*What is needed*
Scan the records below for the line with "100 штук рыболовных" and the line with "Ratalaskukoulu on tarkoitettu", and retype that range exactly, both ends included, pictures excepted.

*Records to use*
..........

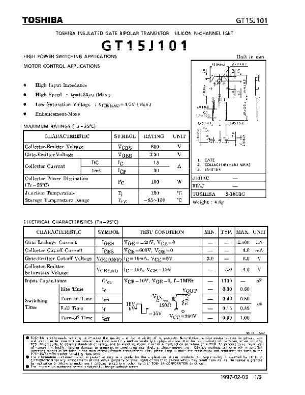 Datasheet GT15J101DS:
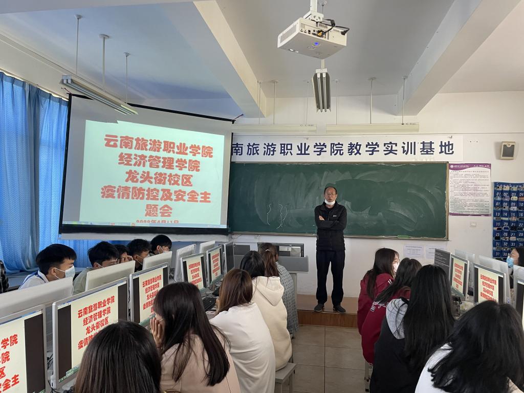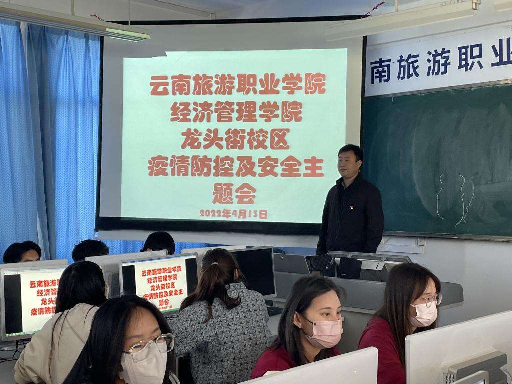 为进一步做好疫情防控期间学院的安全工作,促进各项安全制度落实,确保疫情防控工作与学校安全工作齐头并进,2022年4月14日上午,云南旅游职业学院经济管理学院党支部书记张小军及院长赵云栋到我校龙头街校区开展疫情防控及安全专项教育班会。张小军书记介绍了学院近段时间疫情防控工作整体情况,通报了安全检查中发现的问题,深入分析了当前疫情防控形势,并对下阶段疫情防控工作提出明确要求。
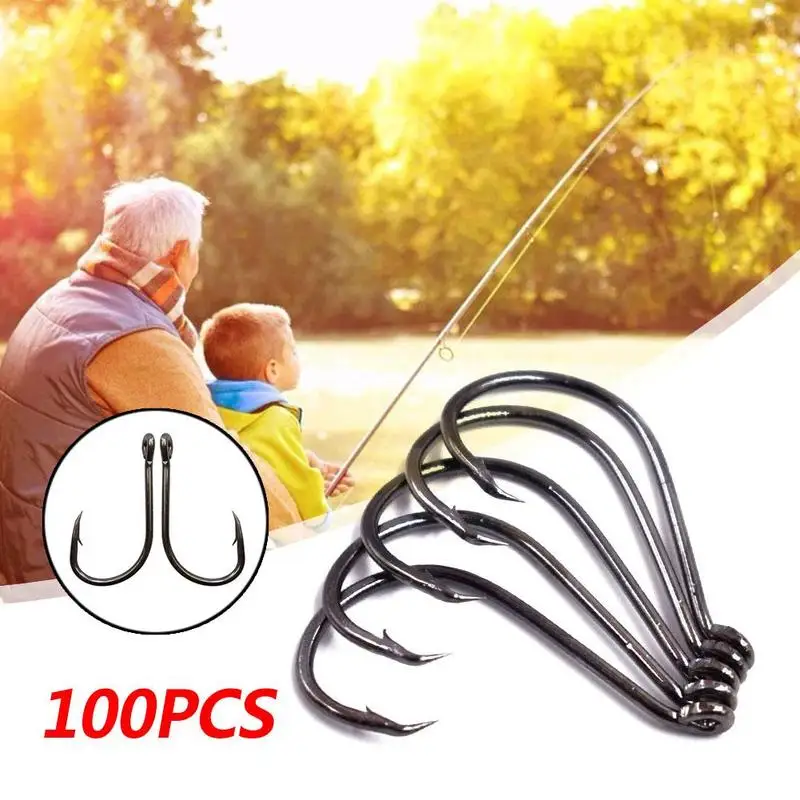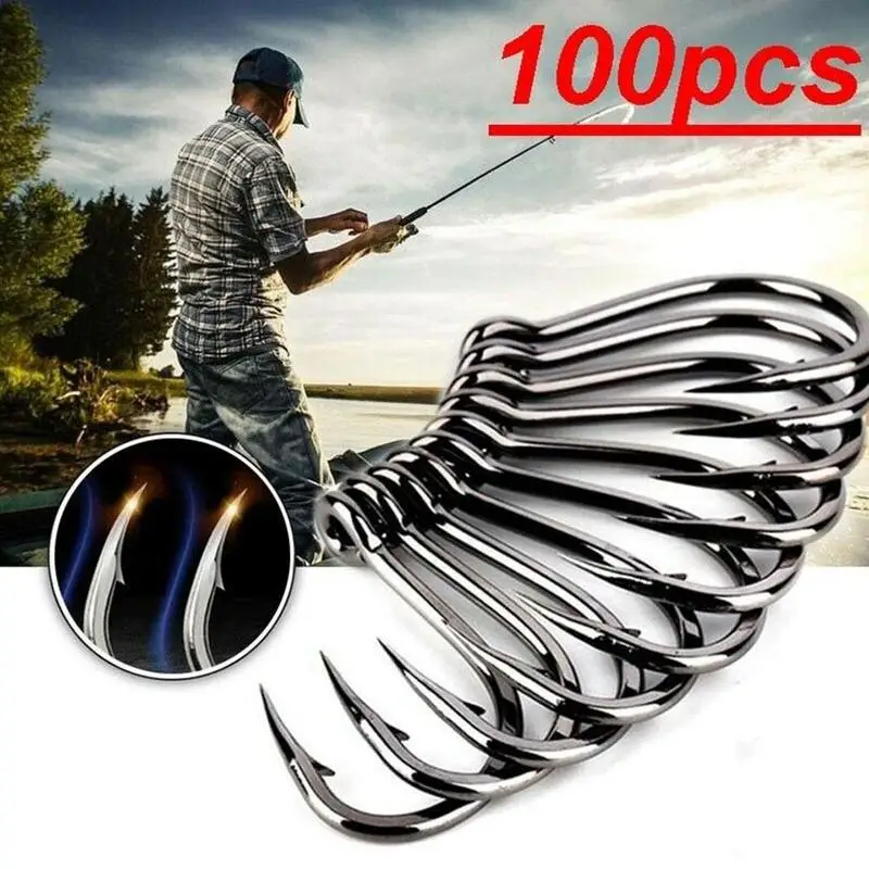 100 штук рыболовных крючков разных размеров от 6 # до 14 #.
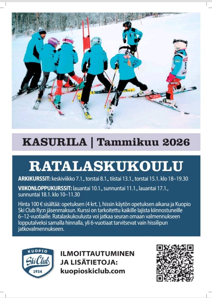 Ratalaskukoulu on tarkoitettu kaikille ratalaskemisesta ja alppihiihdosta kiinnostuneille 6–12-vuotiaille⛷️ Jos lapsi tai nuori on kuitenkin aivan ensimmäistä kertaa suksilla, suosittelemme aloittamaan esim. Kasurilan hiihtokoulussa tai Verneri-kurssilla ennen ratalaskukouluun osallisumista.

..........

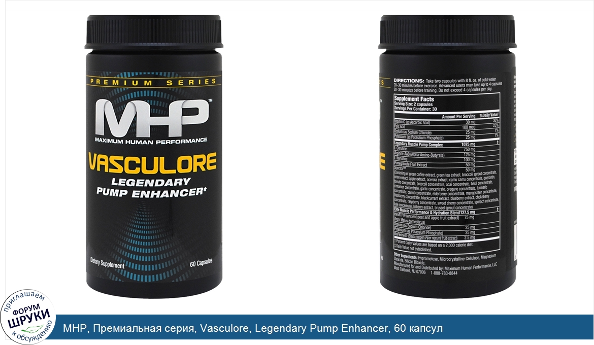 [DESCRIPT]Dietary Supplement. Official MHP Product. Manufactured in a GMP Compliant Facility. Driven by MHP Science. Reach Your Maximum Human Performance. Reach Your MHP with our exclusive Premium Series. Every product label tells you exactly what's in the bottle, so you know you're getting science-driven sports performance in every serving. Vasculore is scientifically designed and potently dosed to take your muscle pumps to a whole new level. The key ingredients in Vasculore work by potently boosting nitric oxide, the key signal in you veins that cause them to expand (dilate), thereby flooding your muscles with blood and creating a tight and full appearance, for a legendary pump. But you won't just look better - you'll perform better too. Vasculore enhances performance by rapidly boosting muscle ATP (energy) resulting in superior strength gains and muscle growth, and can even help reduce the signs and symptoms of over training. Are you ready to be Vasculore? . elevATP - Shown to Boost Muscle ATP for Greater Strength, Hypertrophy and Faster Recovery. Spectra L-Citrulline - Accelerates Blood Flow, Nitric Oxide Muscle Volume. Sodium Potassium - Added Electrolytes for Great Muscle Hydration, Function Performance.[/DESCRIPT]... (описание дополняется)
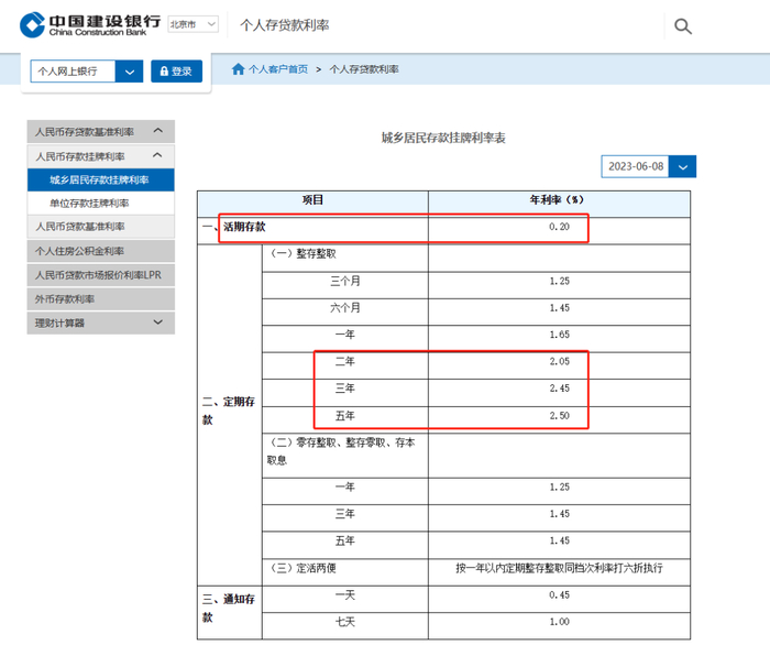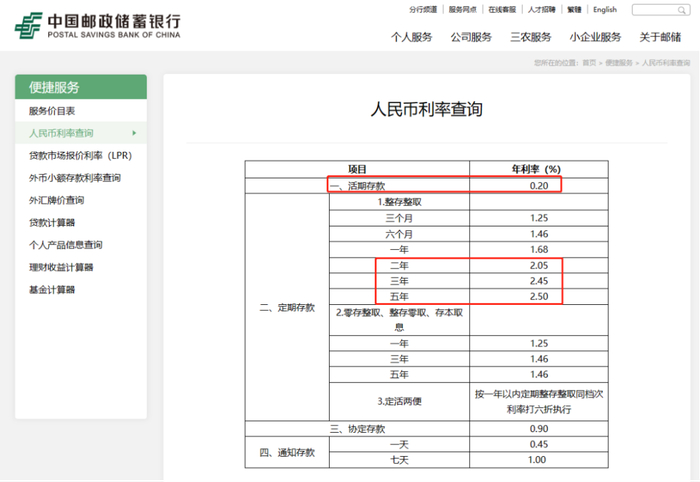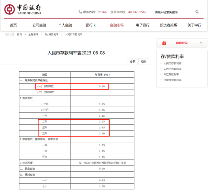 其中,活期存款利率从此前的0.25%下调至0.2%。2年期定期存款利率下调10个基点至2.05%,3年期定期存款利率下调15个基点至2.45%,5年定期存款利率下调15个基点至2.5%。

..........

*Answer to this exercise*
 100 штук рыболовных крючков разных размеров от 6 # до 14 #.
 Ratalaskukoulu on tarkoitettu kaikille ratalaskemisesta ja alppihiihdosta kiinnostuneille 6–12-vuotiaille⛷️ Jos lapsi tai nuori on kuitenkin aivan ensimmäistä kertaa suksilla, suosittelemme aloittamaan esim. Kasurilan hiihtokoulussa tai Verneri-kurssilla ennen ratalaskukouluun osallisumista.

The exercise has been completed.